On Mon, Mar 26, 2018 at 2:04 PM, Casey Schaufler <casey at schaufler-ca.com> wrote:
> On 3/26/2018 1:24 PM, Sargun Dhillon wrote:
>> On Mon, Mar 26, 2018 at 1:17 PM, Igor Stoppa <igor.stoppa at huawei.com> wrote:
>>>
>>> On 26/03/18 22:24, Sargun Dhillon wrote:
>>>> This patch introduces a mechanism to add mutable hooks at the end of the
>>>> callback chain for each LSM hook. It allows for built-in kernel LSMs
>>>> to be unloaded, as well as modular LSMs to be loaded after boot-time.
>>>> It also does not compromise the security of hooks which are never
>>>> meant to be unloaded.
>>> Looking at this from the perspective of really convincing people to use
>>> other modules, there is a problem, imho.
>>>
>>> [...]
>>>
>>>>       /*
>>>>        * Register with LSM
>>>>        */
>>>> -     security_add_hooks(smack_hooks, ARRAY_SIZE(smack_hooks), "smack");
>>>> +     security_add_hooks(smack_hooks, ARRAY_SIZE(smack_hooks), "smack",
>>>> +                             false);
>>> Hardcoding what is (im)mutable will never satisfy everyone.
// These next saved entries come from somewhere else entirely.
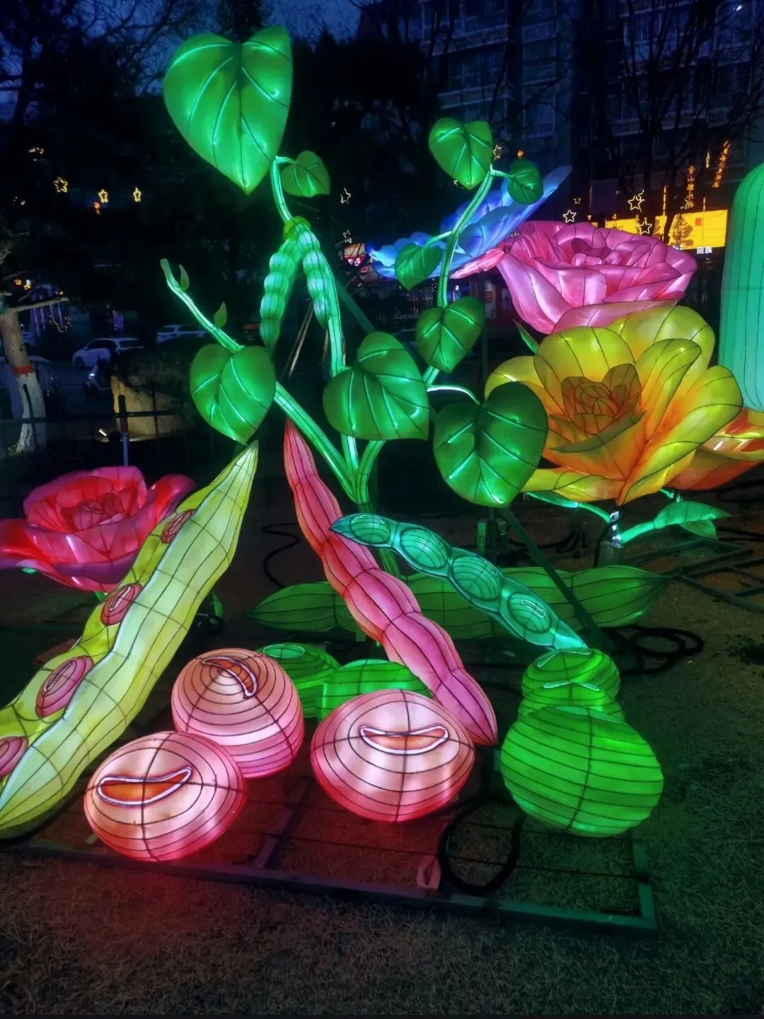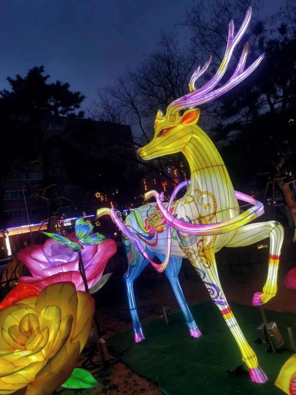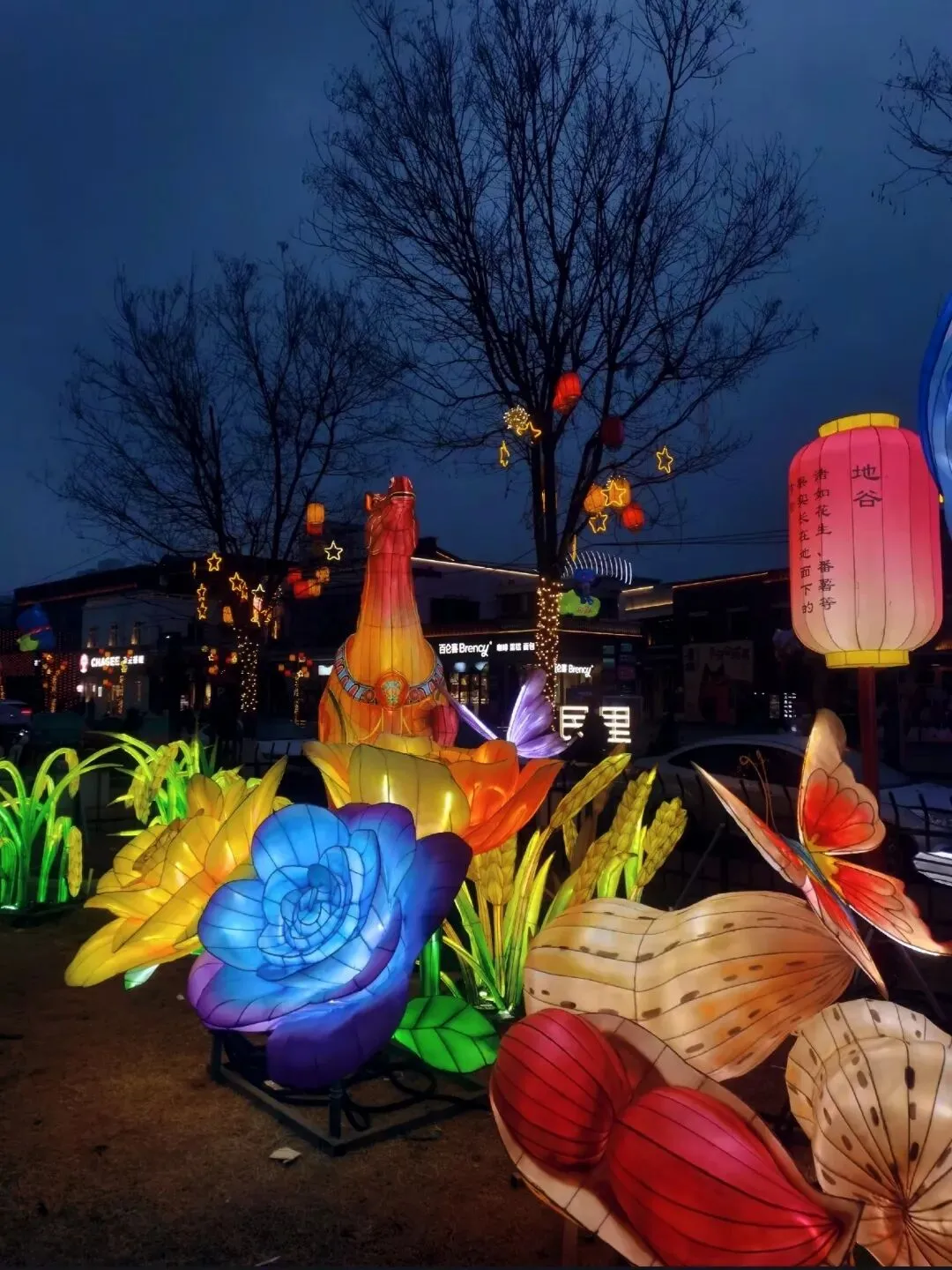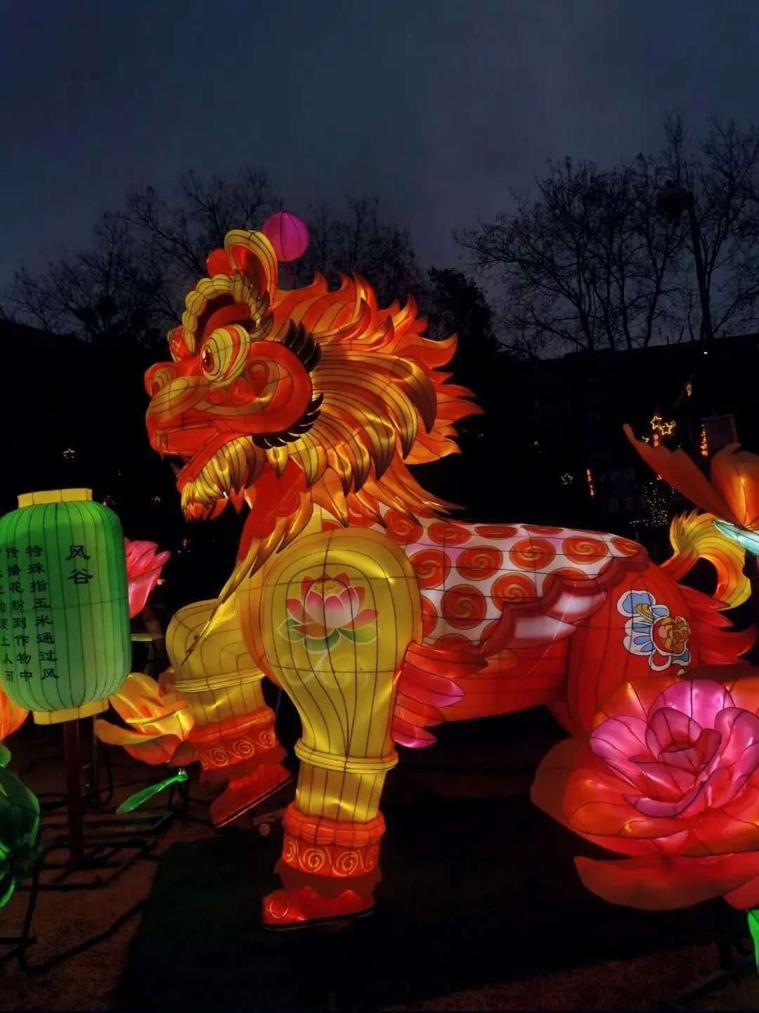 穿过地平门南顺城街,一组组以“马”为元素的灯组便撞入眼帘。五匹形态各异的骏马灯组错落分布,有的昂首嘶鸣,鬃毛似被风扬起,在暖黄灯光下仿佛下一秒就要踏碎夜色奔腾而出;有的低头饮水,神态灵动可爱,引得孩童们欢呼雀跃。这些灯组巧妙融合了甲骨文“马”字的象形特征与现代光影技术,既彰显了马年“龙马精神”的昂扬气韵,又暗合了郑州作为商都的历史底蕴。我驻足于一匹“剪纸风”骏马前,红彤彤的灯影透过镂空的纹路,在地面投下斑驳的光影,恍惚间竟似穿越回商周时期的祭祀场景,耳边仿佛响起青铜器碰撞的清越之声。
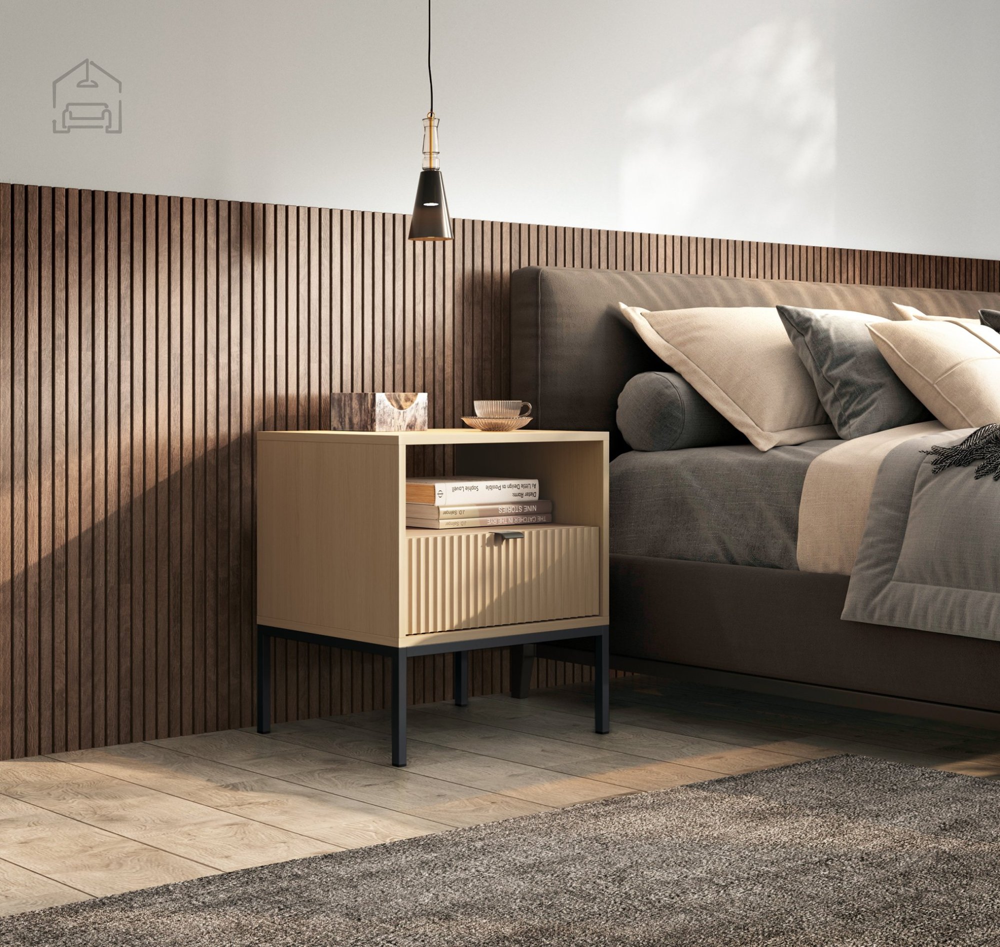 • Nočna omarica – 54 × 56 × 39 cm, uporabna tudi kot manjša odlagalna mizica ob sedežni garnituri.
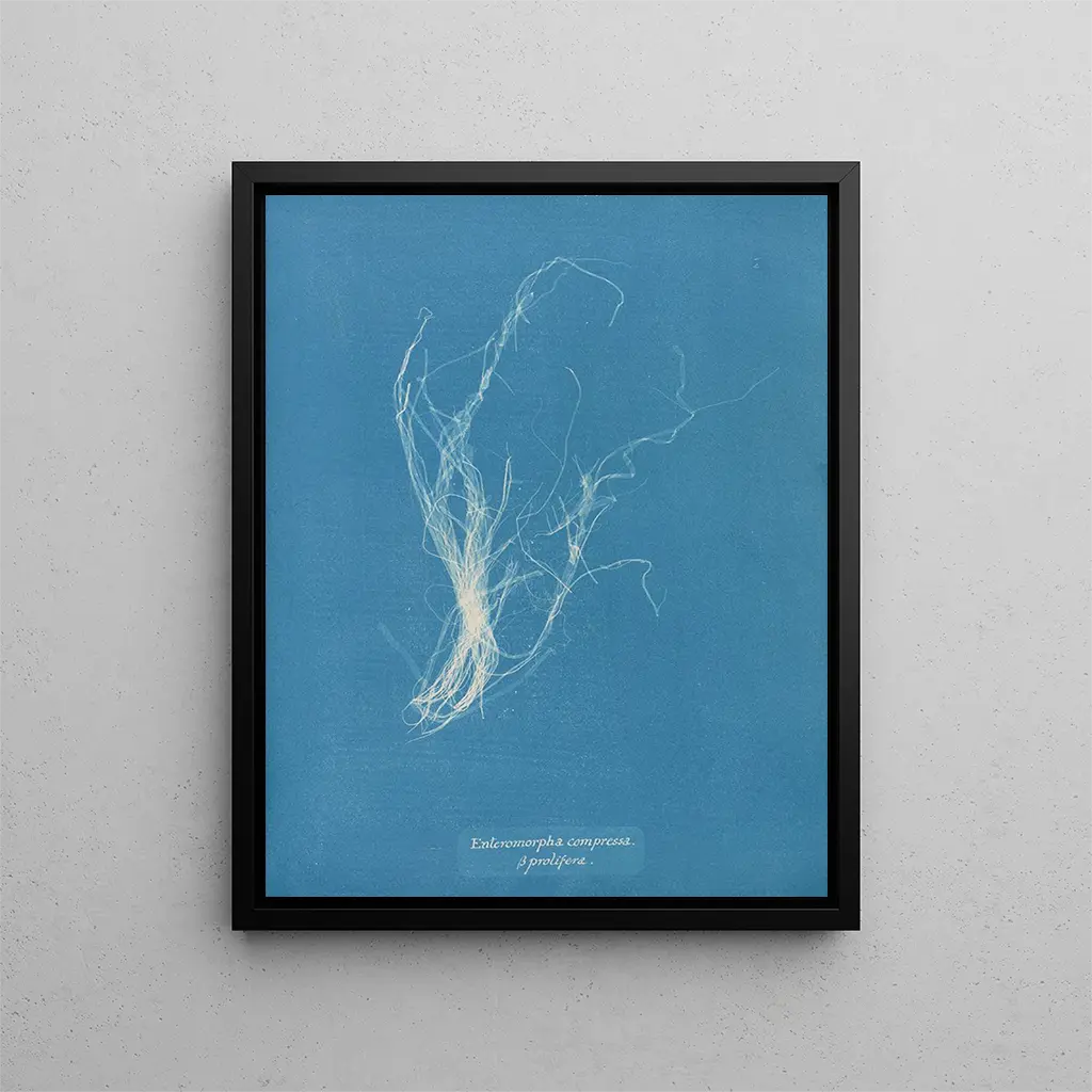 Anna Atkins, pionnière della fotografia botanica, ha saputo unire scienza e arte nelle sue opere. 'Enteromorpha compressa prolifera' è un'illustrazione emblematica del suo metodo unico, utilizzando la tecnica del cyanotype per catturare la bellezza delle alghe. In questa opera, le sfumature di blu e le forme delicate delle alghe sono messe in risalto, rivelando non solo la precisione scientifica ma anche un'estetica raffinata. Lavorando in un'epoca in cui la fotografia era ancora agli albori, Atkins ha aperto la strada a una nuova forma di espressione artistica che continua a ispirare artisti contemporanei. La sua innovativa applicazione delle tecniche di stampa d'arte ha permesso di creare opere che si distinguono per leggerezza e luminosità. Oggi, le sue creazioni sono ricercate sia per il loro valore storico sia per la capacità di arricchire gli spazi contemporanei con un tocco di natura e poesia. La stampa d'arte di questa opera è un'aggiunta perfetta per chi desidera introdurre un tocco di eleganza e serenità nella propria decorazione d'interni.
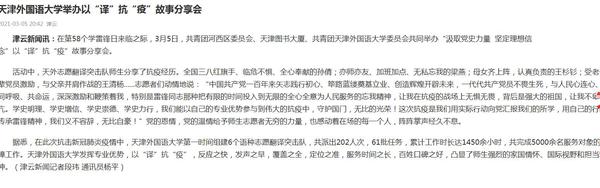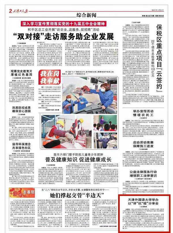 3月6日,《天津日报》以《以“译”抗“疫”故事分享会感动全场》为题目进行了报道。
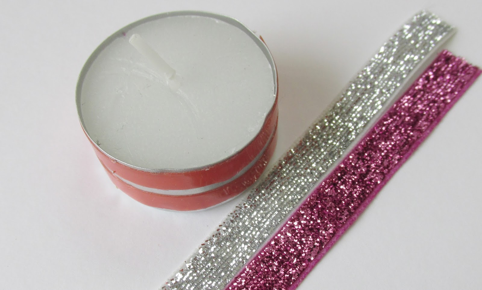 To decorate the tealights I found it worked best when the Permafix tape was applied to the outside of the tealight first - instead of applying it to the glitter ribbon.
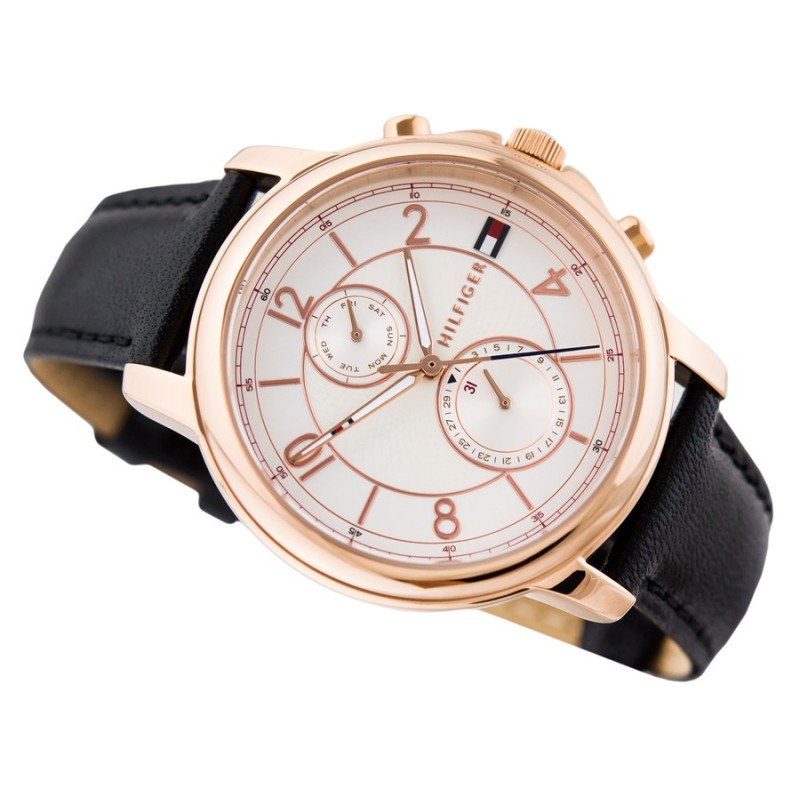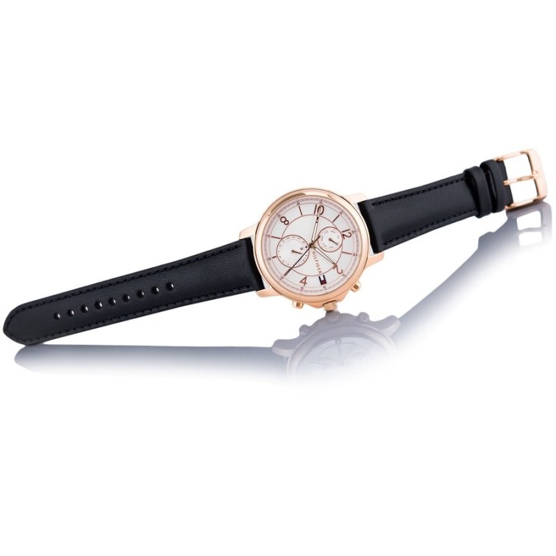 orologio tommy hilfiger mod.1781817. cinturino di pelle nero. lunghezza 172 mm, larghezza 16 mm. cassa in acciaio inox rosa dorato. diametro della cassa: 35 mm. altezza: 9 mmfunzioni: ora, minuti, secondo, data, giorno della settimana.impermeabilità : 3 bar. ciò corrisponde a circa 30 metri. movimento: quarzoquadrante bianco con numeri arabi rosa dorato. fibbia ad ardiglionevetro d'orologio: vetro minerale. analogico. garanzia 2 anni. confezione: originale tommy hilfiger.
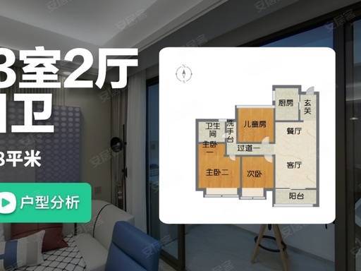 100㎡三房户型为二胎家庭、改善型家庭量身打造, 空间更宽敞、功能更完善 ,配备双卫设计,彻底解决家庭早高峰抢卫生间的烦恼。户型方正通透,三开间朝南,采光面充足,室内常年阳光满溢;主卧套房设计,带独立卫生间与观景飘窗,保障主人私密性与舒适度;两间次卧空间宽敞,可分别作为两个孩子的卧室,或一间儿童房、一间书房 / 老人房,满足二胎家庭全周期居住需求;客餐连通阳台,公共空间开阔,家人互动、休闲娱乐更自在;双卫设计均采用干湿分离,干净卫生,提升生活效率。
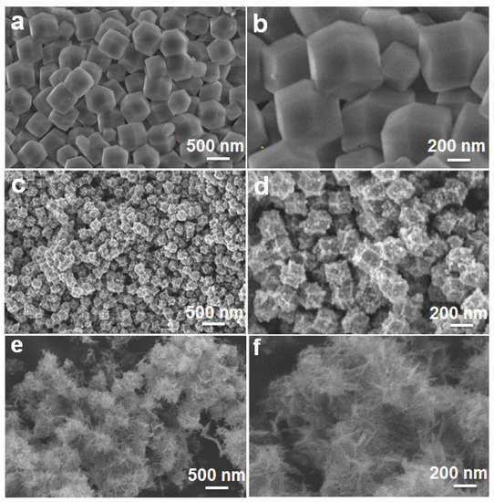 The morphological and structural information of the as-prepared samples were further characterized by the FESEM observation, as demonstrated in Figure 3. Typically, the ZIF-8 precursor displays a well-defined rhombic dodecahedral shape with sharp edges and smooth surfaces, as well as a relatively uniform size distribution of 500 nm on average, as seen in Figure 3a,b. After further thermally annealing the ZIF-8 at 420 °C, ZnO is obtained. Although it still retains the polyhedral shape of the ZIF-8 precursor, the size shrinks to 200 nm (Figure 3c). This is probably attributed to the pyrogenic decomposition. Moreover, compared to the smooth surface of the ZIF-8 precursor, the converted ZnO appears to possess a rough surface, and many tiny nanoparticles of ~20 nm in size can be clearly found on the surface (Figure 3d). Afterwards, the cautious dropwise addition of FeSO4 into the ZnO suspension at 0 °C inevitably results in the partial collapse of the polyhedral structures (Figure S1, ESI). With the subsequent annealing process at 500 °C, a more serious structure collapse occurs, and the resulted ZnO/Fe2O3 sample exhibits the fluffy flower-like architecture, as shown in Figure 3e,f.

>>> If, instead, this decision was delegated to the kernel command line, it
>>> would be possible to have any module to become immutable -or not-
>>> depending on the default values and the configuration received at boot.
>>>
>>> A distro could ship with its defaults and then any user could
>>> reconfigure it, without having to recompile or install anything, just
>>> editing the command line.
>>>
>>> --
>>> igor
>> Today, the only "mutable" module we have is SELinux.
>
> Paul Moore has threatened to remove the "mutable" option from
> SELinux should it bump up high enough on his priority list.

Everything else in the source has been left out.